Ainsi à écouter Nora Krief et les musiciens qui lui donnent la réplique en sons hauts et forts, on peut les entendre comme les porte-voix d’une internationale du soulèvement, à travers El pueblo unido jamas sera vencido, le Die Solidarität et le Front des travailleurs de Brecht et Eisler, le Makhnovtchina, la grève des mères de Monthéus… c’est un flot de paroles, un océan d’appels à la lutte, à la solidarité, à la rébellion, à l’insurrection… qui se répand dans l’espace scénique et l’ouïe des spectateurs.
Sur scène, alors qu’un bandeau rouge sert de support à des images, et à accueillir les surtitres, l’Histoire, du XIXème à nos jours, des manifestations sous et contre Pinochet aux Pussy Riot qui s’opposent à Poutine, se fait entendre et voir puisque le bandeau est également une banderole. Et d’ajouter que si la révolte est récurrente à chaque air entonné, c’est également le commentaire sur l’actualité politique qui est présenté. Actualité de l’injustice, de l’autoritarisme, de la corruption des pouvoirs… qui semblent en définitive l’universel structurant des sociétés à travers l’Histoire.
Et tout au long de ces chants scandés, joués, martelés… naissent chez l’auditeur, peut-être, des images. Celles des sans-terre qu’a photographié Salgado, celles des peintures du peuple mexicain de David Alfaro Siqueiros, les photographies d’Albert Renger-Patzsch, les dessins d’Otto Dix, Max Beckmann et de Georg Grosz… Car le Rouge et le Noir, qui sont un chant, des mots, une couleur, sont également tout un pan de l’art pictural et des arts photographiques. Photos et images qui semblent contrarier le vers de Ferré « Y’en a pas un sur cent et pourtant ils existent ». A moins qu’à travers ces images, c’est davantage l’intensité qu’une question de « comptabilité » qui soit à l’œuvre.

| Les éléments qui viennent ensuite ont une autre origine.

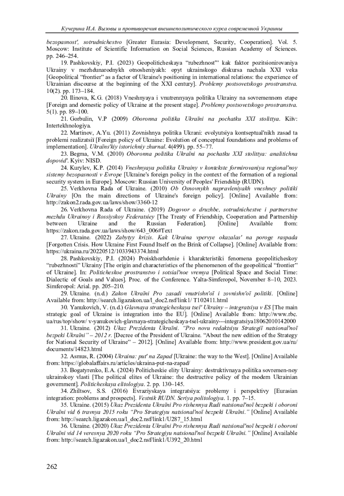 19. Пашковский П.И. Геополитическая “рубежность” как фактор позиционирования Украины в международных отношениях: опыт украинского дискурса начала XXI века // Проблемы постсоветского пространства. 2023. № 10 (2). С. 173-184. EDN: TOTPZC
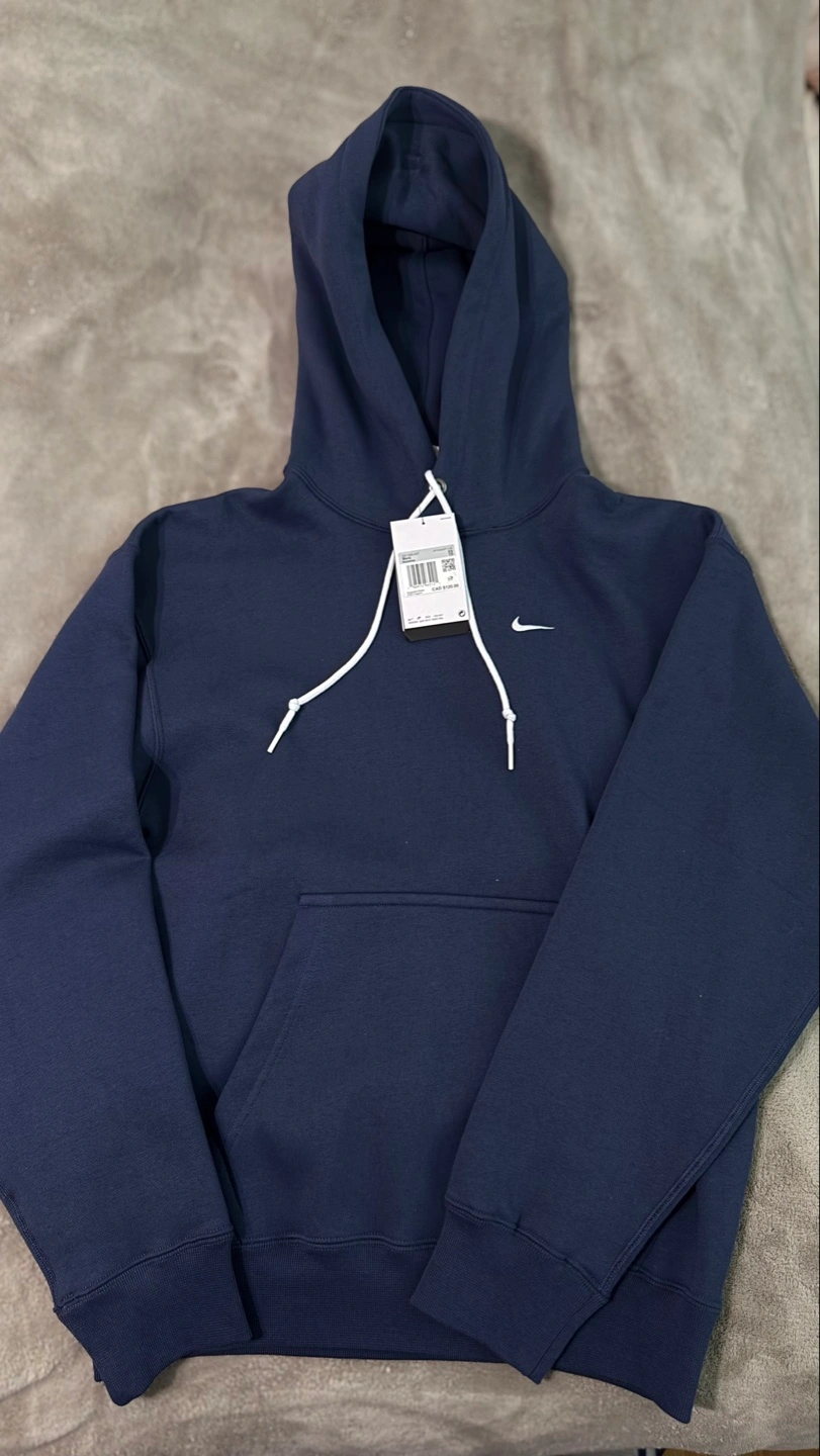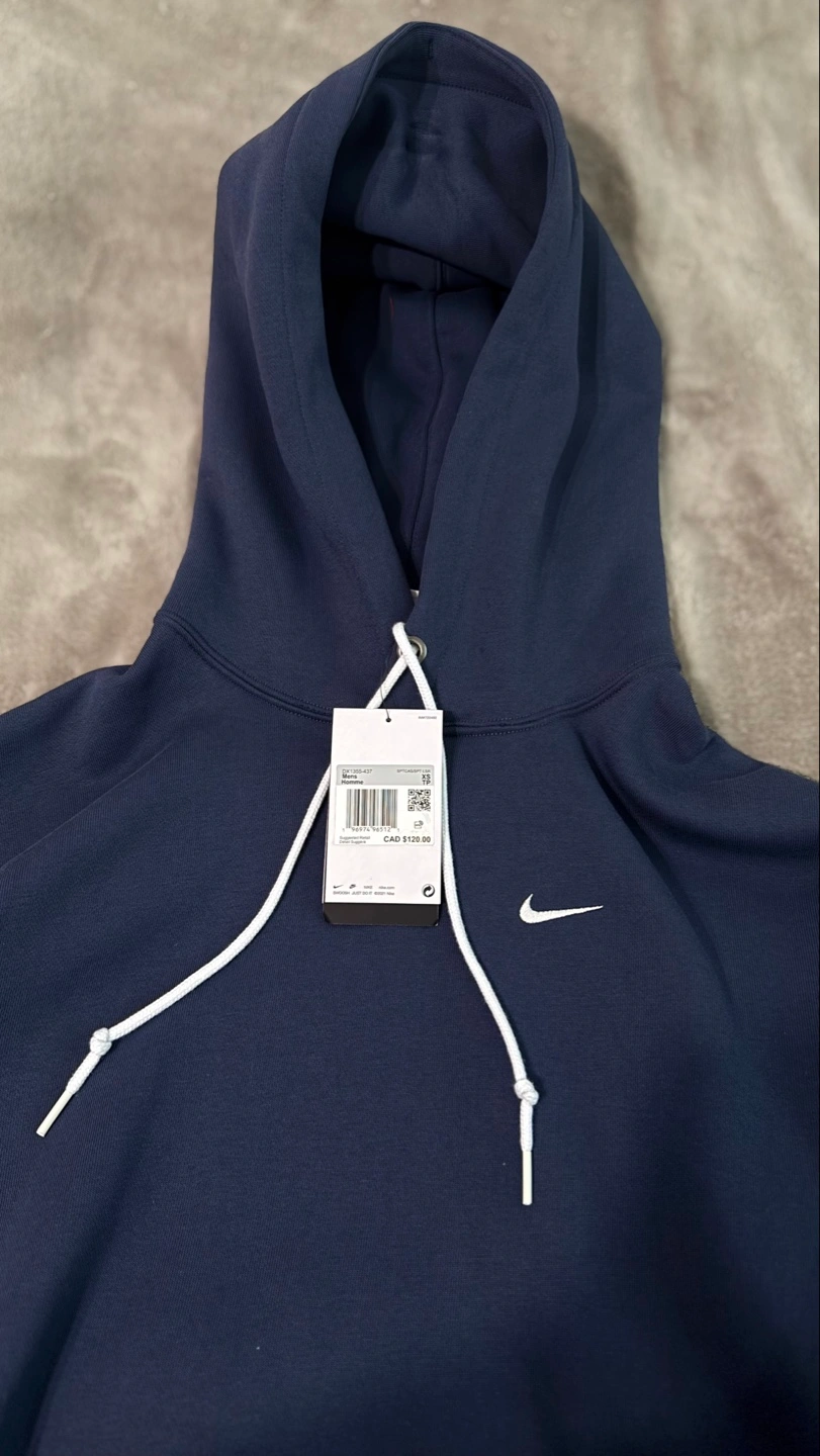 Navy blue hoodie. Features a kangaroo pocket and drawstring hood. Small Nike logo on the chest. New with tags.

Dehors la rue est tranquille. Eric Lacascade, lui, du Ballatum à l’école du TNB, des Bas-fonds de Gorki à Revue Rouge, regarde alentour et comme il me dit, « n’imagine pas que son théâtre puisse être étranger au réel ». « Réel », mot sur lequel il revient dans l’essai qu’il vient de publier chez Actes Sud Au cœur du réel.


Miguel Abensour, L’homme est un animal utopique, Sens&tonka, 2013.